Eligible customers who have not received refunds will be contacted by the escrow agent within approximately 60 days with instructions on how to submit refund claims, Furniture.com said.
Furniture.com’s Troubled Year
Although Furniture.com started out in 2000 with high hopes and filed for an initial public offering (IPO) in January, the company has been beset with problems. Like many e-tailers, Furniture.com has not been able to turn the corner to profitability. Last year, according to its IPO filing, the company lost US$46.5 million.
In June, citing poor market conditions, the company withdrew its proposed IPO and met with bankruptcy attorneys. The summer months also saw the exodus of six high-level executives and two board members, as well as the layoff of 41 percent of the company’s workforce.
According to published reports, several of the executives who resigned said that they did so because they were concerned about the company’s business practices.
The only thing that saved Furniture.com from bankruptcy over the summer was a last-minute cash infusion of $27 million from a group of investors led by Internet venture firm CMGI.
Furniture Fallout
Furniture.com’s closing is sure to send chills down the spine of other online furniture stores because it was undeniably one of the most trafficked in the sector.
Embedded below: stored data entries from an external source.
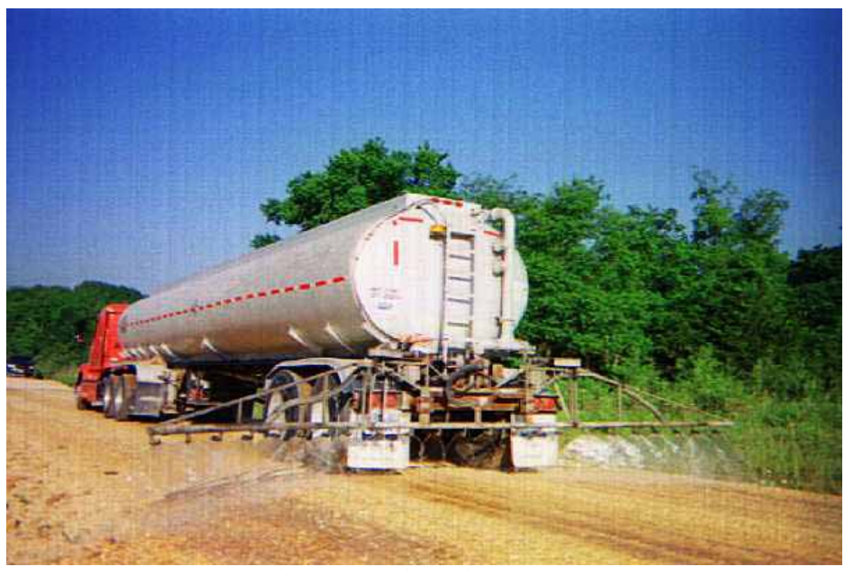
Figure 2. Application of DustGard product at FLW

The same driver and truck applied the product each time at FLW. Treatment of the 270-m (900-ft) road segment required approximately 0.5 man-hour, when allowances are made for placing and collecting the sampling pans. Figure 2 shows application of DustGard product at FLW.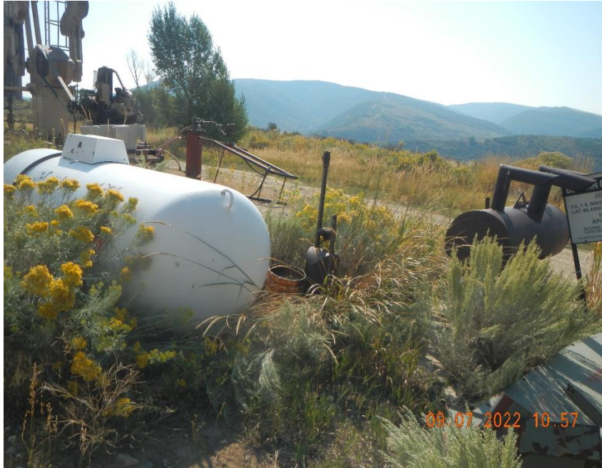
5 gallon bucket of oil with no lid or secondary containment.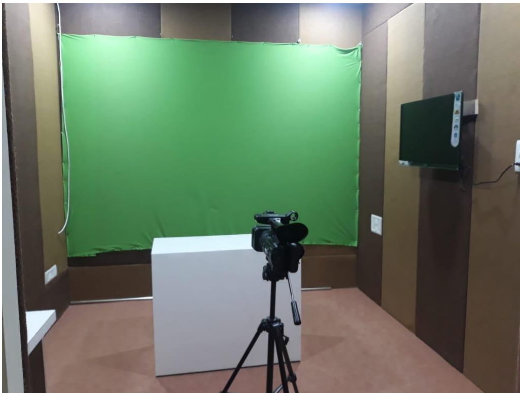
VIDEO RECORDING ROOM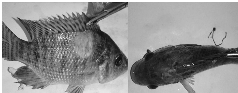
Figure (1): O. niloticus showed white necrotic tissue, rough scales and scale less area behind the head.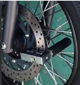
YAMAHA DS250 KDL-10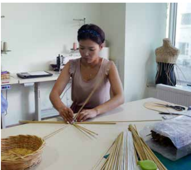
An artist-entrepreneur making materials from recycled paper, Ulaanbaatar, 2018.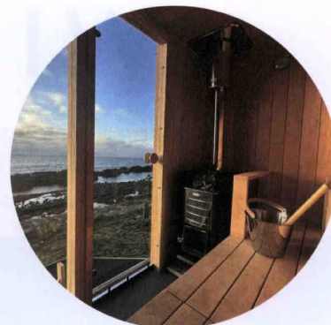
Beside the tidal pool at Cellardyke

followed by two barrel saunas. Bathers pay for an hour's sauna session, but can stay to swim and relax by the lakes all day. There is also a six-acre campsite, ideal for tents and small campervans, while other spaces offer paddleboarding and kayaking (you need to bring your own), and lessons for those who want them, and one lake is lit for winter morning and evening swimming. Also on offer are wellness weekends, sound bath sessions, meditation, moon swims with fire pits, yoga, breath work, ladies' skinny-dipping sessions, a café open from Wednesday to Sunday – and even a choir. poolbridge.co.uk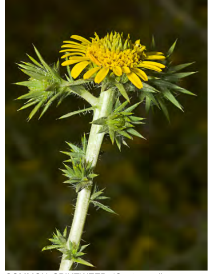
COMMON SPIKEWEED (Centromadia pungens subsp. pungens) Native Annual - Sunflower Family - (Apr-Nov) - Grassland, saltbush scrub, disturbed sites - Spiny. Leaves smooth or rough to the touch.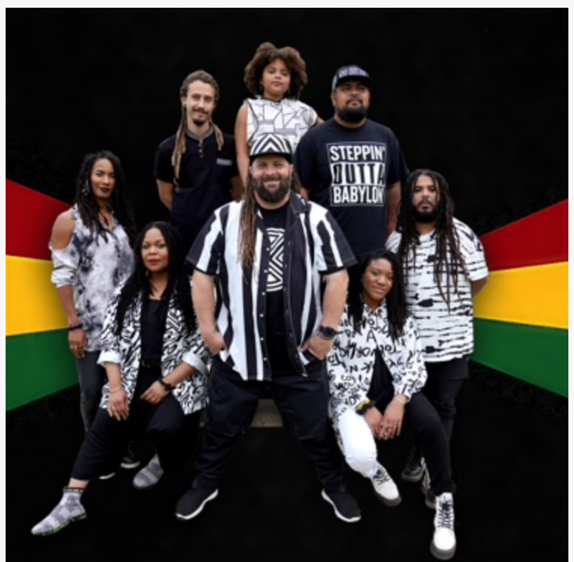
Christafari, Christian Reggae Band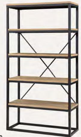
MM500KBC BOOKCASE 39.5"W x 15.5"L x 76"H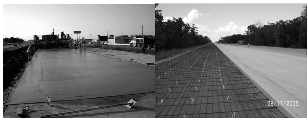
Fig. 3 Fresh (left) and hardened (right) concrete surface for Highway 69.

Regarding the energy consumption of producing EMC (50% FA) versus OPC, the following statements can be made: The manufacturing process of OPC consists primarily of quarrying or blasting of raw materials (limestone, clay), crushing, grinding, blending and conveying of the said raw meal to cement kilns where at high temperatures (about 1450 °C) the formation of Portland clinker takes place. The obtained clinker is further ground with gypsum to produce the final product Portland cement. EMC cement contains typically 50% of OPC and 50% of fly ash (FA). Production of such cement includes primarily grinding of FA to obtain fraction < 250 microns (if required), blending of the ground FA with OPC and processing of the said blend through EMC vibrating milling system to obtain the product with the similar size distribution as commercially available Portland cements (fraction < 150 microns). A comparison of the energies involved in the two processes is shown in Table 12, and one can see that the EMC with 50% fly ash only require 54% energy compared to OPC production. 50% OPC replacement should account for 50 % less CO<sub>2</sub>, but since EMC require somewhat more electrical energy in grinding the saving may be about 40% (providing that the energy production involves burning of fossil fuel).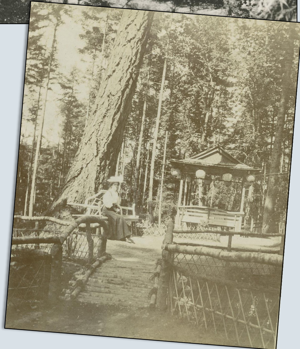
Japanese Tea Garden, ca. 1910s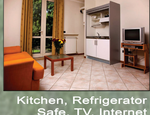
Safe, TV, Internet

Warm Welcome 24/7 Security Free Cafe & Bar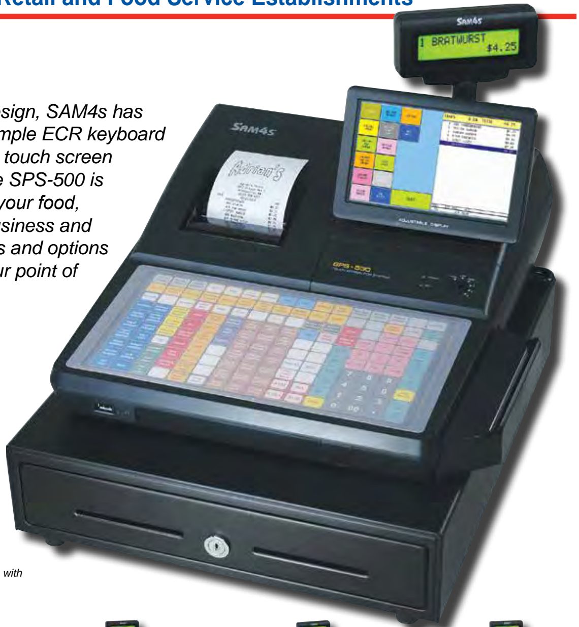
SPS-500 Series Hybrid ECRs Shown with Optional Card Reader

Featuring a hybrid design, SAM4s has combined fast and simple ECR keyboard entry with an intuitive touch screen operator display. The SPS-500 is easily configured for your food, beverage, or retail business and provides the functions and options you need to meet your point of service needs.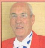
Parish Profile page 2

Although the Restoration Appeal has now ended, there are still a few areas awaiting completion in the next few months. This means that anyone who wishes to commemorate someone or something special can still donate monies for the completion of these areas.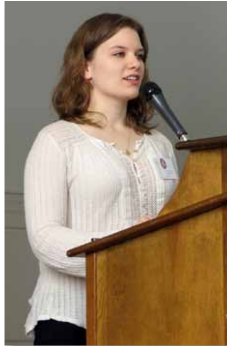
Chapter reports; above is Delta Chi at St. Olaf College

The company claims that approximately one million unique users visited the site in September, adding that its revenues of $22 million for the first nine months of 2000 were more than twice its net revenues for all of 1999.
Notably, the failure of two high-profile competitors failed to boost Furniture.com’s fortunes. In August, Amazon-backed site Living.com announced that it would lay off all 275 of its employees and file for bankruptcy, while HomePortfolio.com said a month later that it would close its e-commerce operations and reinvent itself as an application service provider for the furniture industry.